_Problem details_. Output the run of lines that opens with the first line of the material below and closes with the line containing "RVS armband met", both included, and drop the pictures.

_Input records_.
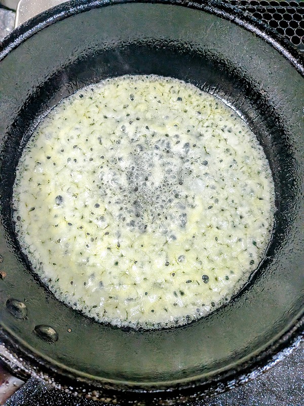 油とお水でパチパチしますが、そのうちパチパチが静まりましたらこうなります。
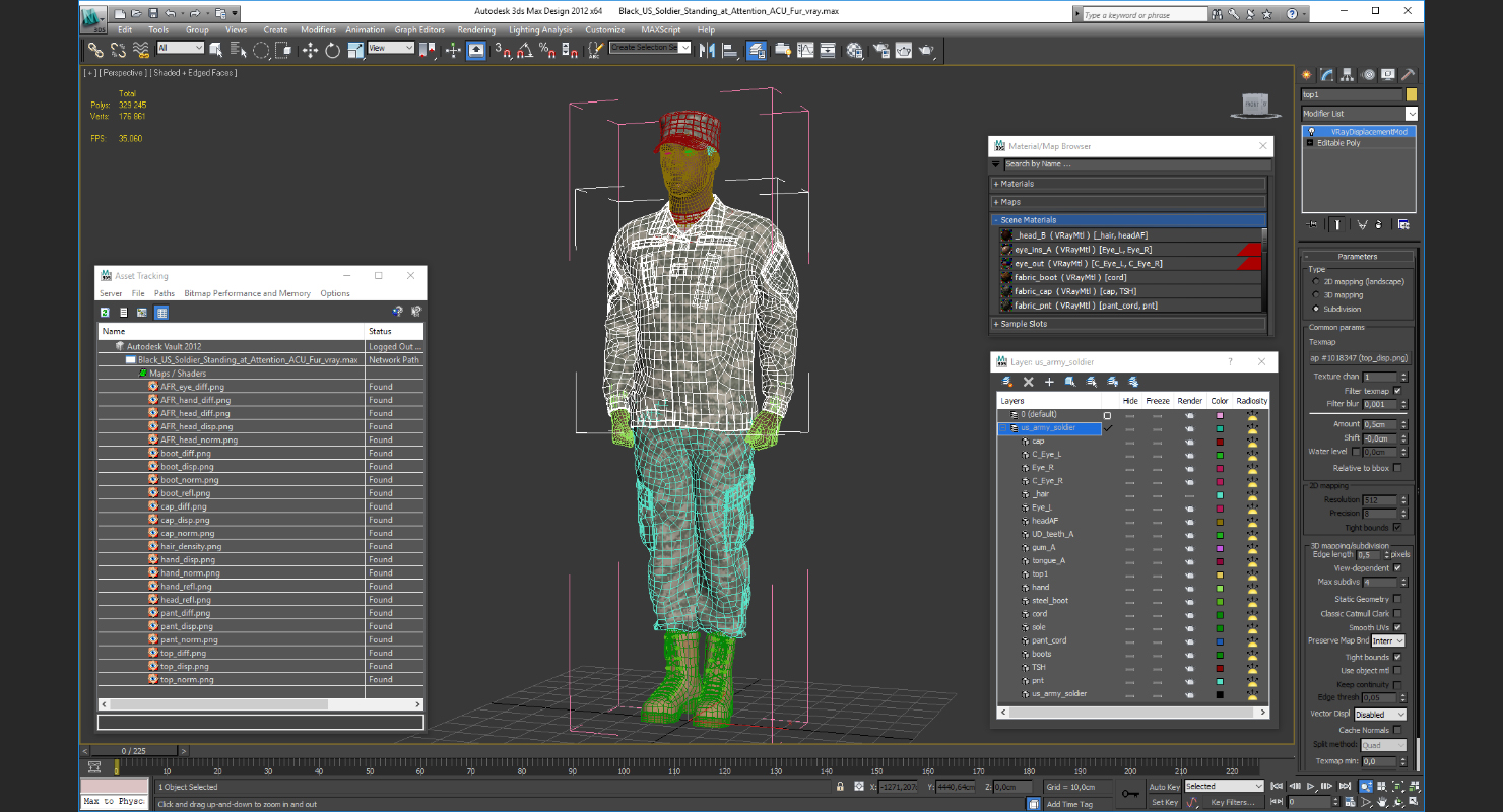 African American US Soldier Standing at Attention ACU Fur is a high quality, photo real 3d model that will enhance detail and realism to any of your rendering projects. The model has a fully textured, detailed design that allows for close-up renders, and was originally modeled in 3ds Max 2020 and rendered with V-Ray. Renders have no postprocessing!
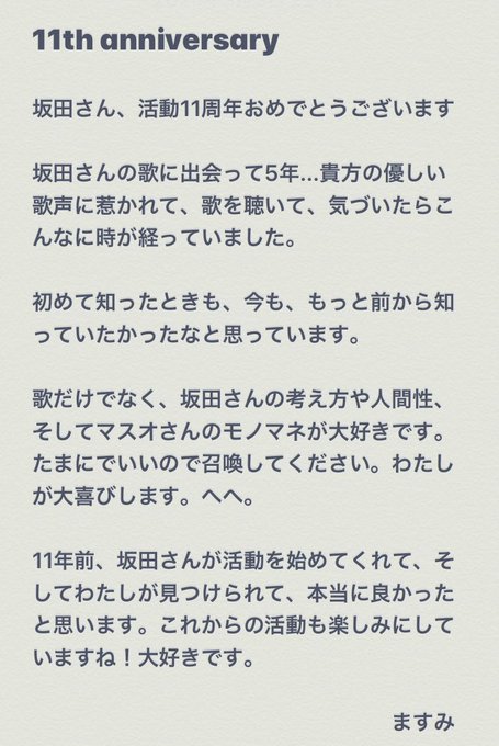 【@sakatandao】【@sakatansab】 坂田さーん!活動11周年おめでとうございます🎉👏 4枚目にメッセージを書いたので、時間があってもし気が向いたら読んでみてください #あほの坂田11周年 #となりの坂田11周年 #坂田さん11周年おめでとう
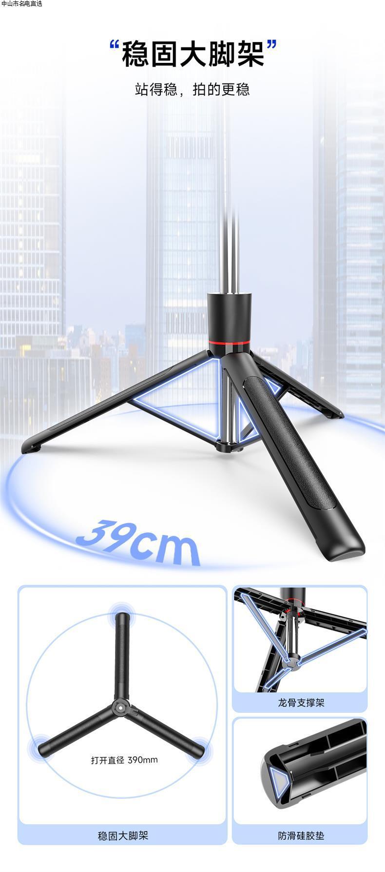 • F01 [블랙 듀얼 라이트 버전] 67CM 스테인레스 스틸 폴 + 블루투스 리모컨 + 듀얼 뷰티 필 라이트
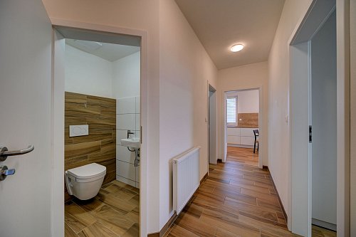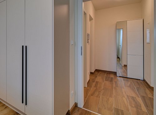 Byt dále nabízí dva samostatné neprůchozí pokoje o výměrách 11,31 m² a 11,46 m², koupelnu, samostatné WC, chodbu a technickou místnost. Samozřejmostí jsou vestavěné skříně, pračka, sušička a další prvky nadstandardního vybavení, které zajišťují maximální komfort bydlení.
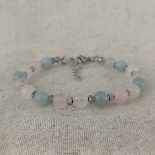 RVS armband met rozenkwarts, witte kwarts & blauwe kwarts – zachte harmonie
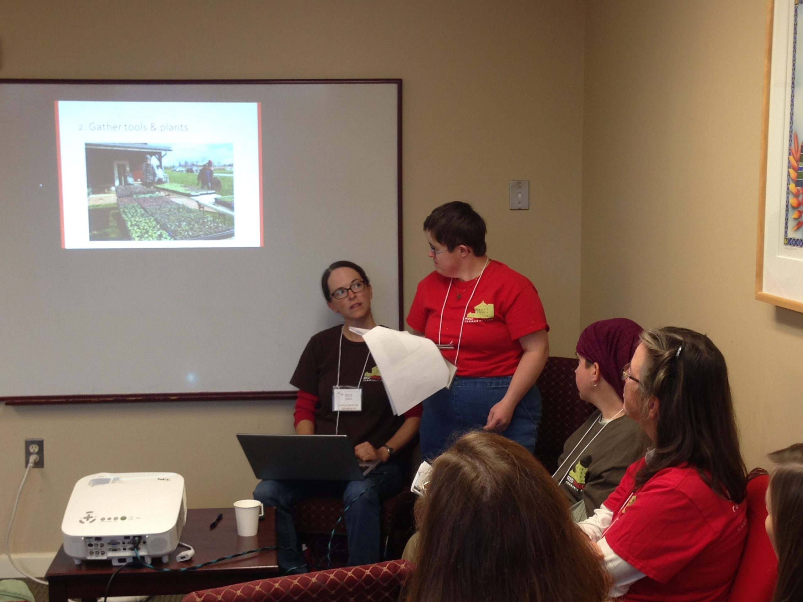 In the second presentation, Melissa discussed the nuts and bolts of managing daily farm tasks within an inclusive environment of employees and volunteers. She discussed strategies to utilize each person’s strengths to complete farm tasks and how to match up individuals with and without disabilities to make the best farm teams. Sam shared how she has grown as a leader at the wash station, Elaine presented the multi-step process for planting kale, and Katie talked about best practices for managing a large group of 20 volunteers. Afterwards, a workshop attendee, who has a child with Down syndrome, commented how thrilled she was to see Red Wiggler’s employees with developmental disabilities included in presenting.

_Task answer_.
 油とお水でパチパチしますが、そのうちパチパチが静まりましたらこうなります。
 African American US Soldier Standing at Attention ACU Fur is a high quality, photo real 3d model that will enhance detail and realism to any of your rendering projects. The model has a fully textured, detailed design that allows for close-up renders, and was originally modeled in 3ds Max 2020 and rendered with V-Ray. Renders have no postprocessing!
 【@sakatandao】【@sakatansab】 坂田さーん!活動11周年おめでとうございます🎉👏 4枚目にメッセージを書いたので、時間があってもし気が向いたら読んでみてください #あほの坂田11周年 #となりの坂田11周年 #坂田さん11周年おめでとう
 • F01 [블랙 듀얼 라이트 버전] 67CM 스테인레스 스틸 폴 + 블루투스 리모컨 + 듀얼 뷰티 필 라이트
 Byt dále nabízí dva samostatné neprůchozí pokoje o výměrách 11,31 m² a 11,46 m², koupelnu, samostatné WC, chodbu a technickou místnost. Samozřejmostí jsou vestavěné skříně, pračka, sušička a další prvky nadstandardního vybavení, které zajišťují maximální komfort bydlení.
 RVS armband met rozenkwarts, witte kwarts & blauwe kwarts – zachte harmonie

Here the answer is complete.